Let’s check pros and cons of this solution.
- There is nothing faster than this solution to convert CSV into a table. Period.
- You can configure additional indexes on the columns you want to lookup using a CSV approach and the indexed will have an impact on the speed of the CSV look-up; versus always having a linear execution order because the function is unaware of indexes.
- Simple to use.
- It’s using dynamic SQL, and that brings all the negative things writing dynamic SQL has. I will recommend having a dedicated role to runners of this sproc so that users do not have permissions to run it. Try to always use this sproc through another sproc.
- The fact that is a sproc “feels” wrong, since by their nature sprocs can have side effects, although this one has none. This is precisely the reason why a function does not allow for execution of dynamic SQL.

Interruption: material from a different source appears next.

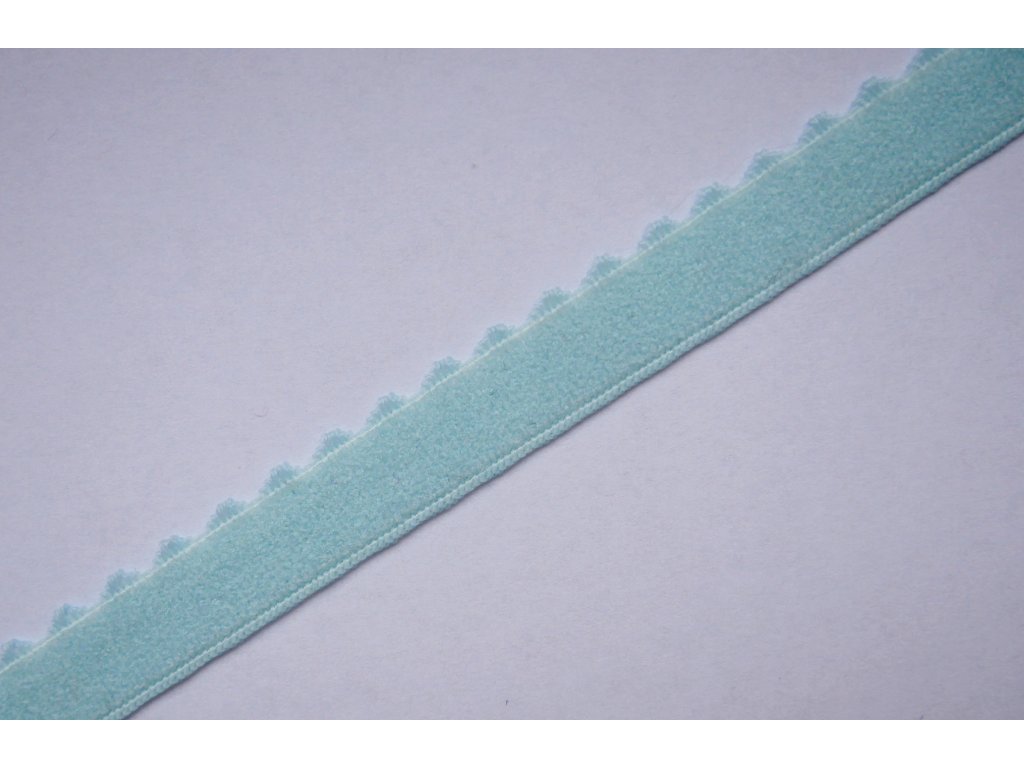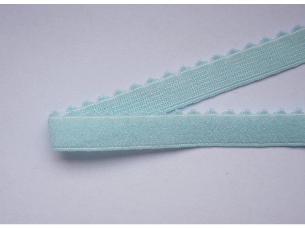 Pikotová pruženka s ozdobným zakončením ve světle modré barvě, středně pevná v tahu.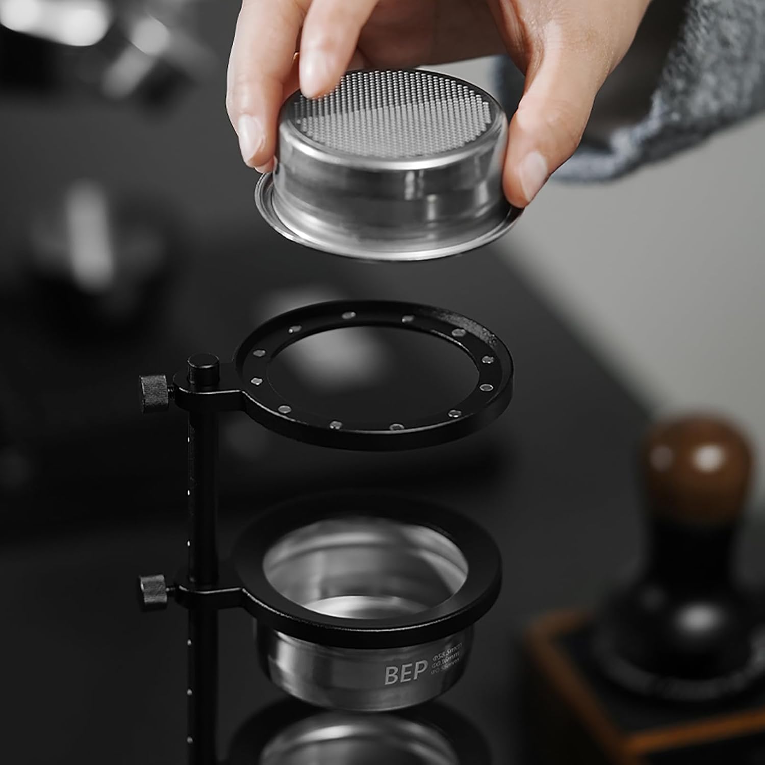 MHW-3BOMBER Magnetic Portafilter Basket Storage Stand, Espresso Filter Basket Holder Rack for 51/53/54/58mm Coffee Filter, Removable Espresso Display Bracket SR6106-OS

I think I can live with the feeling in trade of the unmatched performance this solution offers. A couple of things to note that were done to prevent SQL injection on the Dynamic SQL:
- Both schema and table names are provides as separate parameters of the sproc and they are put together in the code with the '.' separator.
- Both schema and table name are wrapped using quotename()
- When executing the Dynamic SQL, I'm using sp_executesql rather than just the plain EXEC() function.
- There is a @Debug parameter that prints the generated Dynamic SQL when debugging. This will safe you a couple of headaches.